The series of goals above are briefly stated, but illustrated here in detail for a special, simple case study: numerical integration by the Trapezoidal rule.
Many science courses now have examples and exercises involving implementation and application of numerical methods. How to structure and verify such numerical programs has, unfortunately, received little attention in university education and the literature. Students and teachers occasionally write programs that are too tailored to the problem at hand instead of being a good starting point for future extensions, and testing is often limited to running a case where the answer seems reasonable.

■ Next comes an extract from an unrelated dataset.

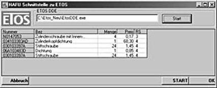 Nach Auswahl der Schnittstelle ETOS können Sie über den Start-Knopf das Schnittstellenprogramm aufrufen, welches Ihnen die gespeicherten Aufträge anzeigt. Durch Auswahl eines Auftrages werden die Daten in die CAR-SYSTEMS-Schnittstelle übernommen und durch OK in den Auftrag gespeichert.

The standards of computing need to be raised to the levels found in experimental physics, chemistry, and biology.
Integrate the function \( g(t)=\exp{(-t^4)} \) from -2 to 2 using the Trapezoidal rule, defined by $$ \begin{equation} \int_a^b f(x)dx \approx h\left( {1\over2}(f(a) + f(b)) + \sum_{i=1}^{n-1} f(a+ih)\right), \quad h = (b-a)/n \tag{1} \end{equation} $$
Many will attempt to solve the problem by this simple program in Matlab:
a = -2; b = 2;
n = 1000;
h = (b-a)/n;
s = 0.5*(exp(-a^4) + exp(-b^4));
for i = 1:n-1
s = s + exp(-(a+i*h)^4);
end
r = h*s;
r
The solution is minimalistic and correct. Nevertheless, this solution has a common pedagogical and software engineering flaw: a special function \( \exp(-t^4) \) is merged into a general algorithm (1) for integrating an arbitrary function \( f(x) \).
The writer of the program runs it and reports the result: 1.81280494737. How can one assess that this result is correct? There is no exactly known result to compare with. Also, the program above is not well suited for switching to an integrand where we can compare with an exact answer, because several lines need modification.
A fundamental software engineering practice is to use functions for splitting a program into natural pieces, and if possible, make these functions sufficiently general to be reused in other problems. In the present problem we should strive for the following principles:
Trapezoidal.m containing
function r = Trapezoidal(f, a, b, n)
% Numerical integration from a to b
% with n intervals by the Trapezoidal rule
f = fcnchk(f);
h = (b-a)/n;
s = 0.5*(f(a) + f(b));
for i = 1:n-1
s = s + f(a+i*h);
end
r = h*s;
The special \( g(t) \) function can be implemented in a separate file g.m
or put in the main program. The function becomes
function v = g(t)
v = exp(-t^4)
end
Finally, a specialized main program (main.m) solves the problem at hand:
a = -2; b = 2;
n = 1000;
result = Trapezoidal(@g, a, b, n);
disp(result);
exit
The important feature of this solution is that Trapezoidal.m can be
reused for "any" integral. In particular, it is straightforward
to also integrate an integrand where we know the exact result.
An advantage of having the \( g(t) \) as a separate function is that we can easily send this function to a different integration method, e.g., Simpson's rule.
Both Solution 1 and Solution 2 are readily implemented in Python.
However, functions in Python do not need to be located in separate
files to be reusable, and therefore there is no psychological barrier
to put a piece of code inside a function. The consequence is that a
Python programmer is more likely to go for Solution 2.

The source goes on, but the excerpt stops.